On a 220 circuit, if one leg is loaded heavily, and the other is not, the unloaded side's voltage will rise, causing the lights on that leg to get brighter. Used to happen to my dad's house all the time - when the 115 volt well pump started, the kitchen lights would really brighten for a second or two.

Could also be a bad neutral connection.


----------



## heat seeker (Apr 21, 2013)

raybonz said:


> Don't run phone wire in the same conduit all wires in the conduit must be rated for the highest voltage so it must be in a seperate conduit..
> 
> Ray


That makes sense, although it was a licensed electrician who suggested that to me. I didn't do it, anyway.


----------



## Pallet Pete (Apr 21, 2013)

We ended up at Home Depot today from what i can tell code won't allow me to run 6-3 MNB although the county says I can and I have read a few horror stories on it . I bought THHN/THWN to run because its got a higher amp rating and it will be easier to pull one at a time.  DBC cable was insane 4.95 a foot so forget that.
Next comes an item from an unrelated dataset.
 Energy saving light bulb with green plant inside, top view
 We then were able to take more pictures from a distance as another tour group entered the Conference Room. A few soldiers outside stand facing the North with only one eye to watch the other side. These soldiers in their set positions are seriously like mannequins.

I will save the 6 NM-b for the garage inside to the welder.

Pete


----------



## raybonz (Apr 21, 2013)

heat seeker said:


> That makes sense, although it was a licensed electrician who suggested that to me. I didn't do it, anyway.


I am a licensed electrician and all wires in the conduit must be rated to the highest voltage in the conduit.. Good practice to run a separate 3/4" for comm and other low voltage wires.. The NEC is the minimum standard so it's always better to do more than this..

Ray


----------



## raybonz (Apr 21, 2013)

Pallet Pete said:


> We ended up at Home Depot today from what i can tell code won't allow me to run 6-3 MNB although the county says I can and I have read a few horror stories on it . I bought THHN/THWN to run because its got a higher amp rating and it will be easier to pull one at a time. DBC cable was insane 4.95 a foot so forget that. I will save the 6 NM-b for the garage inside to the welder.
> 
> Pete


Good move Exlax 

Ray


----------



## jharkin (Apr 23, 2013)

I see you got the advice on what wire to use for the underground run, I assume you are running this to a sub panel inside the garage?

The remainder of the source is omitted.